Zagrovic Bojan, Jayachandran Guha, Millett Ian S, Doniach Sebastian, Pande Vijay S
Department of Chemistry and Applied Biosciences, Laboratory of Physical Chemistry, ETH Hönggerberg, Zürich 8093, Switzerland.
J Mol Biol. 2005 Oct 21;353(2):232-41. doi: 10.1016/j.jmb.2005.08.053.

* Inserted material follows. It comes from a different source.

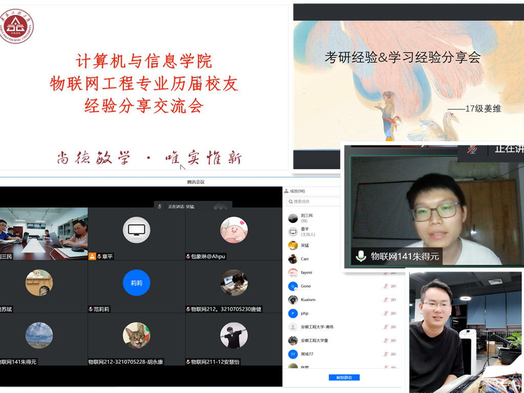 5月31日晚7:00,物联网工程专业优秀校友经验分享交流会在线上召开。计算机与信息学院副院长刘涛,物联网工程系教师以及物联网工程专业的学生参加了线上交流分享会,会议由系副主任章平主持。此次邀请到的六位优秀校友分别是13级李金良、14级吴猛、14级朱得元、16级杨震、17级姜维、17级秦文全。

Using synchrotron radiation and the small-angle X-ray scattering technique we have measured the radii of gyration of a series of alanine-based alpha-helix-forming peptides of the composition Ace-(AAKAA)(n)-GY-NH(2), n=2-7, in aqueous solvent at 10(+/-1) degrees C. In contrast to other techniques typically used to study alpha-helices in isolation (such as nuclear magnetic resonance and circular dichroism), small-angle X-ray scattering reports on the global structure of a molecule and, as such, provides complementary information to these other, more sequence-local measuring techniques. The radii of gyration that we measure are, except for the 12-mer, lower than the radii of gyration of ideal alpha-helices or helices with frayed ends of the equivalent sequence-length. For example, the measured radius of gyration of the 37-mer is 14.2(+/-0.6)A, which is to be compared with the radius of gyration of an ideal 37-mer alpha-helix of 17.6A. Attempts are made to analyze the origin of this discrepancy in terms of the analytical Zimm-Bragg-Nagai (ZBN) theory, as well as distributed computing explicit solvent molecular dynamics simulations using two variants of the AMBER force-field. The ZBN theory, which treats helices as cylinders connected by random walk segments, predicts markedly larger radii of gyration than those measured. This is true even when the persistence length of the random walk parts is taken to be extremely short (about one residue). Similarly, the molecular dynamics simulations, at the level of sampling available to us, give inaccurate values of the radii of gyration of the molecules (by overestimating them by around 25% for longer peptides) and/or their helical content. We conclude that even at the short sequences examined here (< or =37 amino acid residues), these alpha-helical peptides behave as fluctuating semi-broken rods rather than straight cylinders with frayed ends.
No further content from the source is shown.